(TASK OBJECTIVE): Below are the records; copy exactly the lines from the first through the one containing "Illustration : Territoires", both included, and leave out the pictures.

※

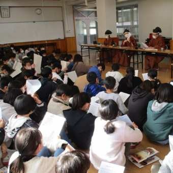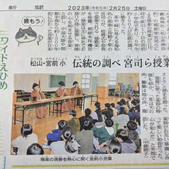 6年生100人ほどの前で3年ぶりとなる雅楽の授業を行いました。
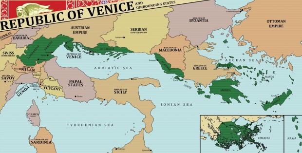 Illustration : Territoires ayant appartenu à la République de Venise au cours des siècles (en vert)
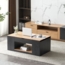 Dieser innovative Couchtisch kombiniert Funktionalität und modernes Design. Mit einer Länge von 109,5 cm und einer Höhe von 43 cm bietet er eine großzügige Ablagefläche, die dank des hydraulischen Mechanismus höhenverstellbar ist. Der Tisch verfügt über ein verstecktes Staufach sowie ein offenes Regal, ideal für Bücher und Dekoration. Gefertigt aus hochwertigem MDF, überzeugt er durch Stabilität und eine Tragfähigkeit von bis zu 30 kg.
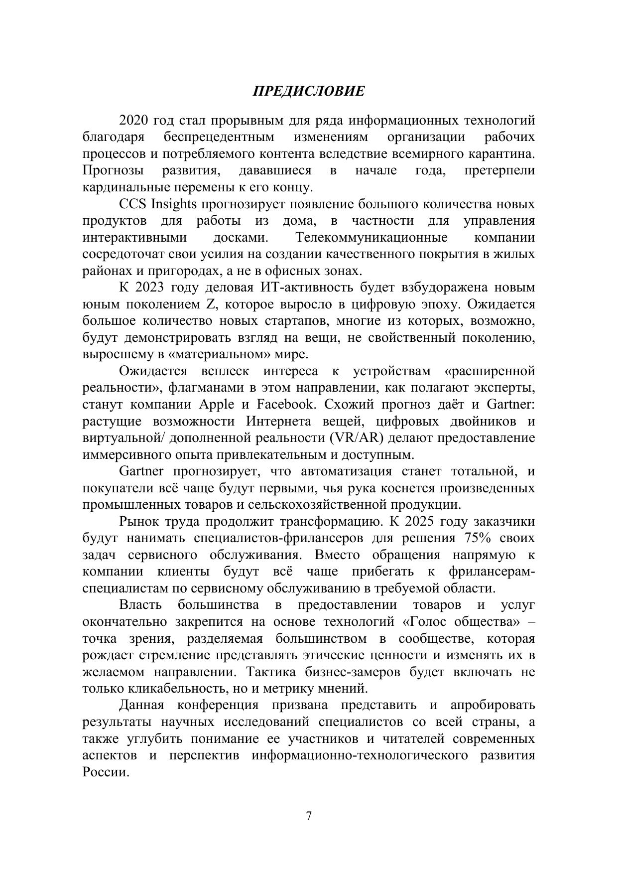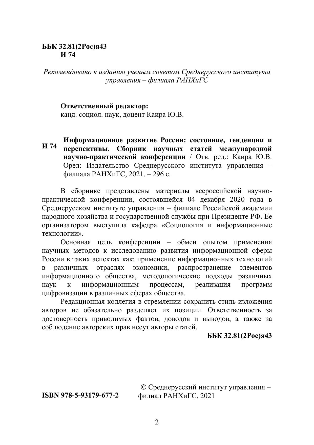 В сборнике представлены материалы всероссийской научнопрактической конференции, состоявшейся 04 декабря 2020 года в Среднерусском институте управления – филиале Российской академии народного хозяйства и государственной службы при Президенте РФ. Ее организатором выступила кафедра «Социология и информационные технологии». Основная цель конференции – обмен опытом применения научных методов к исследованию развития информационной сферы России в таких аспектах как: применение информационных технологий в различных отраслях экономики, распространение элементов информационного общества, методологические подходы различных наук к информационным процессам, реализация программ цифровизации в различных сферах общества. Редакционная коллегия в стремлении сохранить стиль изложения авторов не обязательно разделяет их позиции. Ответственность за достоверность приводимых фактов, доводов и выводов, а также за соблюдение авторских прав несут авторы статей.
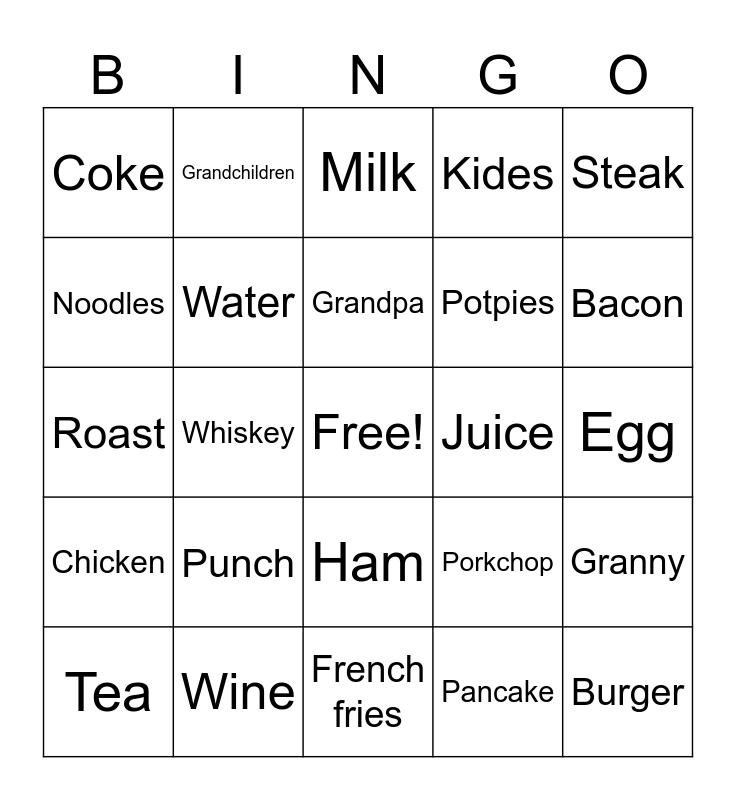 This bingo card has a free space and 29 words: Tea, Coffee, Whiskey, Beer, Coke, Milk, Water, Punch, Juice, Wine, Egg, Burger, French fries, Pancake, Bacon, Sauage, Ham, Chicken, Steak, Roast, Porkchop, Hotdog, Potpies, Noodles, Kides, Grandchildren, Granny, Grandpa and Friends.
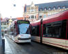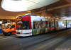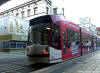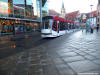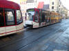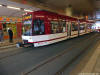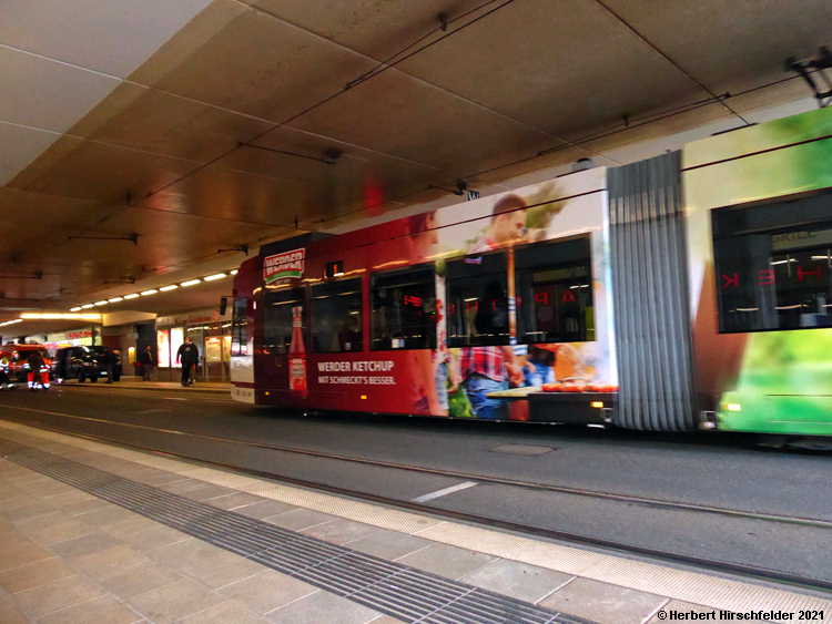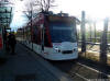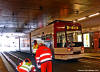 Rieth, 01.05.1976, vognens jomfrutur. Komfortmessig innebar disse vognene et stort framskritt, men de var langt tyngre enn sine 2-akslete forgjengere, og skinnegangen i indre by var ikke dimensjonert for dem, noe som medførte store skader i gatelegemene. |
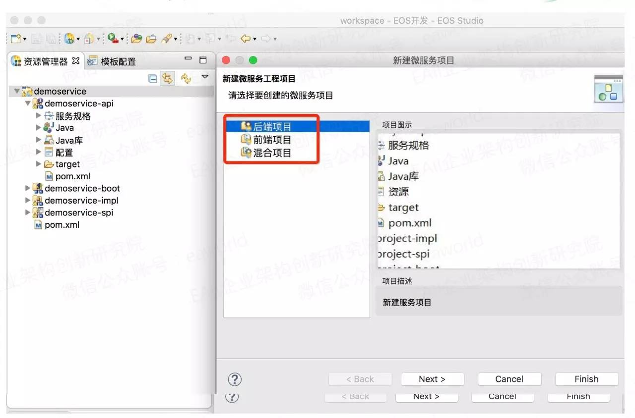 前面的设计原则中提到了一个前后端分离的原则,那么我们的开发环境中,目前支持创建前端项目、后端项目和混合项目。其中前端项目、后端项目就对应前后端分离的原则,利用平台中集成的开发工具和框架可以做到前后端开发分离,利用持续集成工具可以方便的将前端、后端项目编译打包成可独立运行的程序。混合项目则是为了兼容传统模式而保留的,为企业应用向微服务架构演进提供过渡方案。
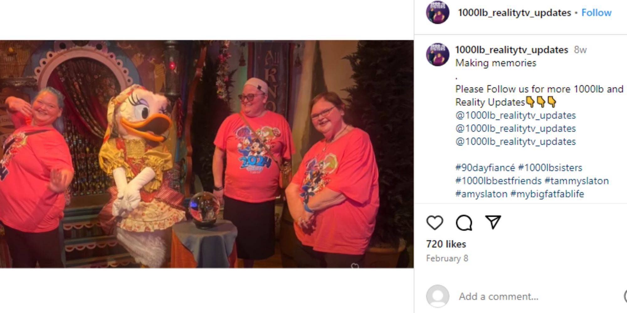 Todo el clan Slaton ama Disney. En febrero, el Hermanas de 1000 libras Cuenta de fan 1000lb_realitytv_updates publicó una foto de la familia Slaton en Instagram. En la foto, Tammy, Amy y su cuñada, Brittany Combs, con camisetas rosas con gráficos de Disney a juego, posan junto a Daisy Duck. Tammy y Amy dijeron Gente que los orígenes de su aumento de peso se remontan a su infancia, y lo atribuyen a la genética, la alimentación emocional y factores socioeconómicos.. “siempre he tenido un problema de peso“, dijo Tammy. “Nací con 9 libras. 10 onzas, y luego seguí aumentando,“, dijo en ese momento.
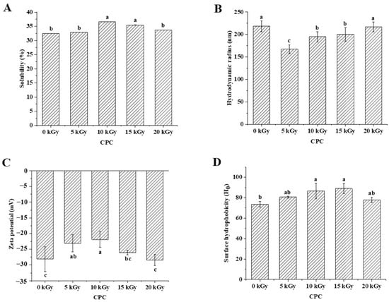 Effect of EBI on the solubility (A), hydrodynamic diameter (B), zeta potential (C), and surface hydrophobicity (D) of CPC. Different letters (a, b, c) indicate significant differences (p < 0.05).
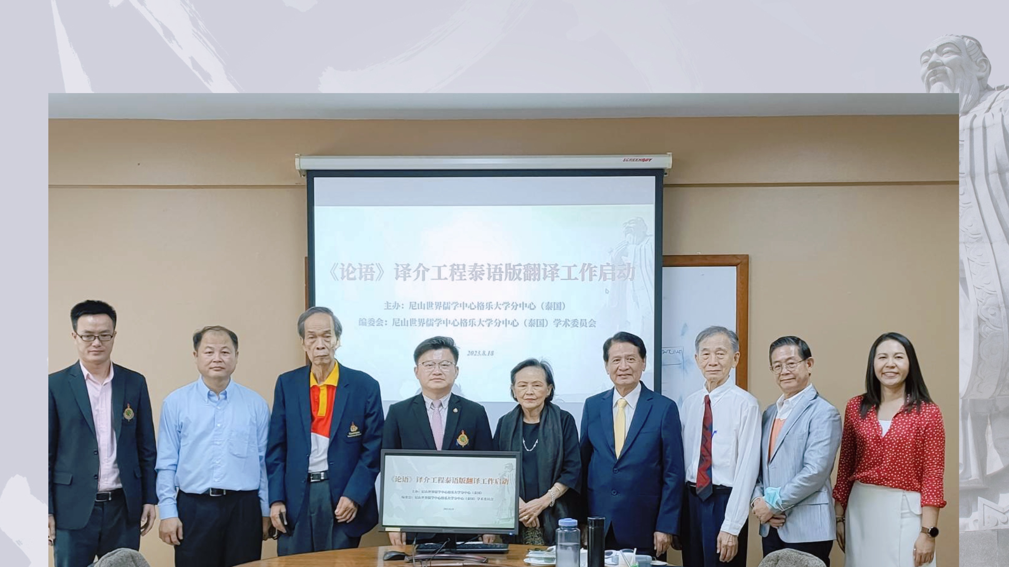 On the morning of August 18, the Translators' Symposium on the Translation and Promotion Project of the Analects of Confucius for Belt and Road Countries (Thai Version) was held at Krirk University, Bangkok, Thailand, marking the official commencement of this translation process.
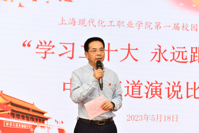 为学习贯彻党的二十大精神,努力推进习近平新时代中国特色社会主义思想入心入脑入行,我校马克思主义学院于5月18日下午1点在学校多功能厅顺利举行“学习二十大 永远跟党走”中文赛道演说比赛决赛。学校党委书记高炬、党委副书记杜海燕以及学生工作部、马克思主义学院、公共基础学院等相关部门领导出席了本次活动。学校语文教研室部分教师担任本次大赛的评委,比赛由马克思主义学院德育教研室汤正东老师主持。
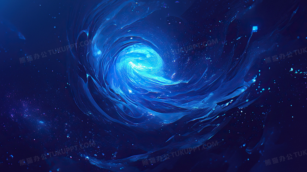本作品内容为蓝色宇宙漩涡背景, 格式为 jpg, 大小4 MB, 图片尺寸为2912 x 1632, 作品中背景图片无需修改, 源文件无水印,可以直接使用, 欢迎使用熊猫办公。 如认为平台内容涉嫌侵权,可通过邮件:tousu@tukuppt.com提出书面通知,我们将及时处理。

※

(FINISHED EXERCISE):
 6年生100人ほどの前で3年ぶりとなる雅楽の授業を行いました。
 Illustration : Territoires ayant appartenu à la République de Venise au cours des siècles (en vert)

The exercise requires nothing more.